Editorial: Activism

Editorial Cartoon by Josua Cabrera
Editorial Cartoon by Josua Cabrera

THE word comes from the Latin “agere” or “activus,” meaning “to move,” suggesting action or something that needed to be done. Merriam-Webster Dictionary defines it as “doctrine or practice that emphasizes direct, vigorous action especially in support of or opposition to one side of a controversial issue.”

The word does not necessarily imply that the “vigorous action” can only be done collectively. A solitary, in fact, can bear the world’s weight—remember Miguel de Cervantes’s Don Quixote de la Mancha or The Beatles’ “fool on the hill.”

The activist moves to change something in society: a corrupt status quo, social injustice, the rape of the ecosystem, tyranny, etc. It takes a myriad of forms—petitions, rallies, legislative lobbying, sit-ins, hunger strikes, among others. Time also saw creative ways activists launched their messages—from dropping poems from a chopper to hurling a shoe to a bluffing head of state. The Chinese artist Ai Wei Wei threw a dirty finger at the temples and captured the whole act in photography.

Today, in our part of the world, we particularly remember such rare breed as the late senator Benigno Aquino Jr., shot decades ago today at the airport tarmac for fighting an evil regime.

This week, we also mourn the passing of another champ, the impassioned former environment secretary Gina Lopez, she who stood against unscrupulous mining firms and in presscons urged everyone to sing with her, “I believe I can fly!”

Because “flight,” indeed, as an act of plunging headlong to dreams of better societies is the whole point of activism. Aquino and Lopez, though having moved in different times and circumstances, show invariable steadfastness to the truths they held. They have already marked a dent against what we thought were immovable monoliths. A regime eventually fell in the case of Aquino and we have yet to see who gets haunted by Lopez’s shadow.
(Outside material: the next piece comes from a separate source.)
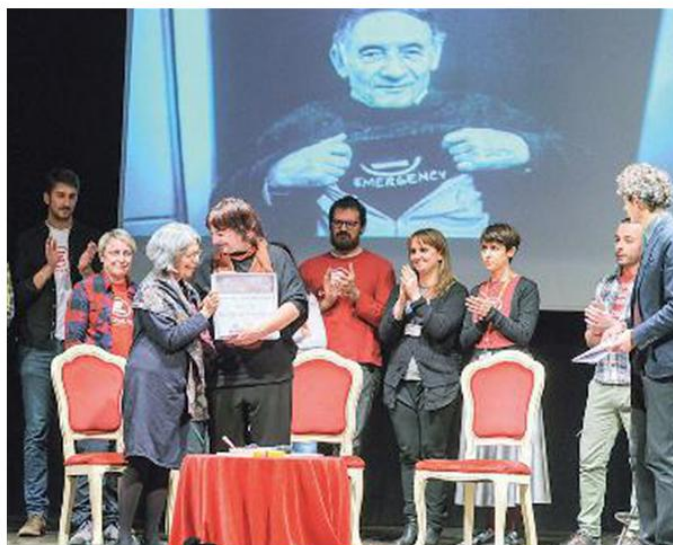
ROMANZI Nelle foto, alcuni momenti della premiazione delle passate edizioni al teatro di Porto San Giorgio

Yesterday, the University of the Philippines community staged a walkout to push back the looming presence of police and military in its campuses. The common discomforts of the less informed is that the university breeds activists. The fear-mongering sector of the military claims there is communist “brain-washing” in the academic spaces. But there is only freethinking that’s happening there, and yes if in the process it breeds activists, it is only because, as the poet Roberto Bolaño said, “There is a time for reciting poems and there is a time for fists.” Without activists, civilizations would have eaten themselves up into the void. It is history, in fact, that gives activism its good name. Only evil regimes, terrified by their own smallness, are desperate to place activism in bad light.

They will tag you as an “activist,” you might as well wear it proudly as a badge of honor.